Prioritizing initiatives

Dimension Question
Value If this works, what business/user impact appears?
Confidence Have we or peers shipped this before?
Leverage Does this unblock other work?
Reversibility Can we roll it back cleanly?
Capacity Do we have people, evals, and ops to support prod?
  • Default: ship one high-confidence, high-leverage win first; then take a bigger swing.

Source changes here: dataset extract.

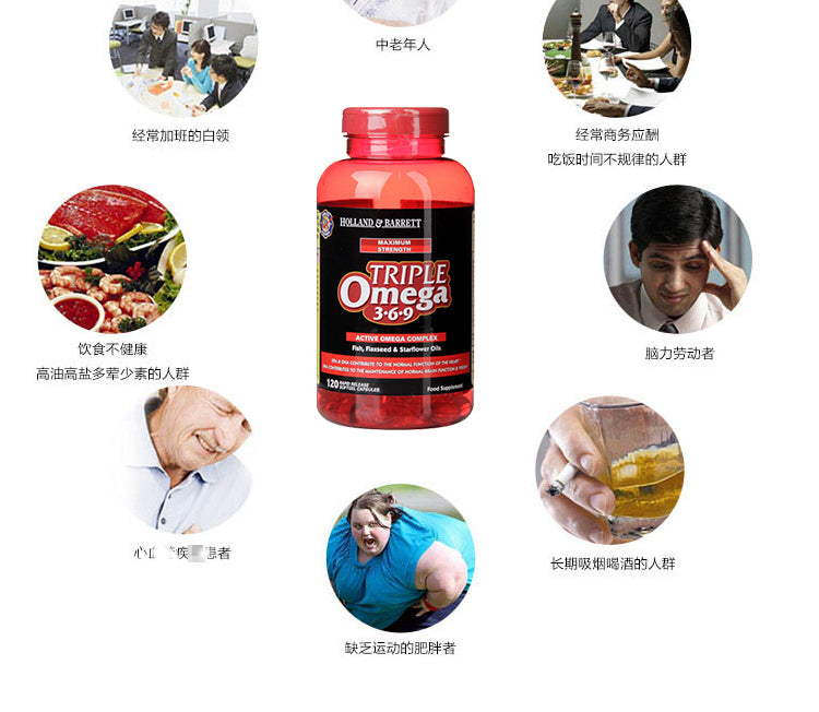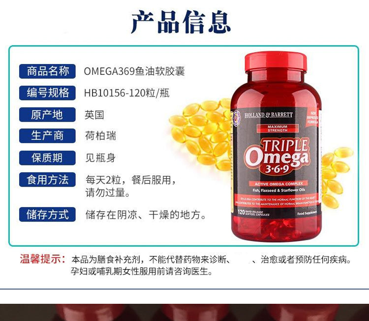 【包邮包税】荷柏瑞(Holland & Barrett)TRIPLE Omega369三倍加强深海鱼油软胶囊亚麻籽星花油深海鱼油369 120粒

Cross-functional contracts

Partner We owe They owe
PM Capability bounds; eval-backed claims Acceptance criteria; user data access
Design Failure-state UX; latency expectations Streaming / refusal patterns
Data Eng Schema + freshness needs Reliable pipelines; quality SLAs
Security / Privacy Threat model; data flow Approved vendors; data classification
Legal / Compliance Use-case and vendor list Approval cadence; risk register
Finance Cost forecast; unit economics Budget visibility; chargeback if needed

Cost equation

$ per call ~= (input_tokens x $/1M_input)
          + (output_tokens x $/1M_output)
          + (cached_input x cache discount)
  • Output tokens are often the dominant cost.
  • Token counts compound fast: system prompt + few-shot + history + retrieved context.
  • Always log actual token usage.

8-lever cost playbook

Lever Effort Typical impact Notes
1. Cap output tokens Minutes 10-40% Lower max_tokens by endpoint
2. Prompt caching Hours to a day 30-70% Put stable prefixes first
3. Model routing Days 30-80% Cheap-for-easy, expensive-for-hard
4. Prompt compression Days 10-30% Remove dead context; summarize history
5. Batch API Hours Up to 50% Use for async workloads
6. RAG over long context Days to weeks 30-70% Retrieve chunks instead of stuffing docs
7. Self-host open weights Weeks + ops 50-90% at high utilization Only if utilization math works
8. Distill / fine-tune small models Weeks 60-90% per inference Needs strong dataset + eval discipline

Self-host break-even

API cost / month = QPS x 86_400 x 30 x avg_tokens x $/token
Self-host cost   = (GPUs x $/hour x 730) + ops_overhead
  • Illustrative heuristics:
  • One H100 ~= \(1.5K-\)3.5K/month depending on pricing/utilization assumptions.
  • Self-hosting usually becomes interesting once spend is well above hobby scale and workload is stable.
  • Practical rule:
  • < $20K/month: stay on vendor APIs.
  • \(50K-\)100K+/month: self-hosting deserves real math.
  • Between: model case by case.

Executive dashboard

Panel Why it matters
$ this month vs forecast Shows budget control
$ by feature / team Shows where spend concentrates
$ per active user Shows unit economics
Cache hit rate Measures prompt-caching leverage
Tokens by model tier Measures routing efficiency
Avg output tokens / call Measures answer-length control
% on Batch API Measures async discount usage

Governance practices

Practice What it means
Per-feature budgets Soft alerts at 75%; hard cutoffs at 100% unless overridden
Pre-launch cost review Every AI feature gets a forecast before code freeze
Quarterly cost-down sprint Dedicated time for lever work
Vendor pricing watch Track price changes; renegotiate when spend warrants
Per-PR cost diff CI estimates $/call delta on prompt or model changes
Eval gates before rollout Prompt/model changes need offline checks
Audit logs for sensitive actions Needed for trust, security, and compliance
Kill switches + rollback paths Required for high-stakes AI features

Useful interview answer templates

  • Build-vs-buy: Default to prompting; then RAG; then fine-tune only with clean dataset + evals; self-host only when volume or residency justifies ops burden.
  • Cost: Make cost visible by feature/model/user; then run levers in order: output caps, caching, routing, compression, batch, retrieval, self-host, distill.
  • Team design: Start central applied team with one platform-leaning engineer; split once shared infra becomes load-bearing.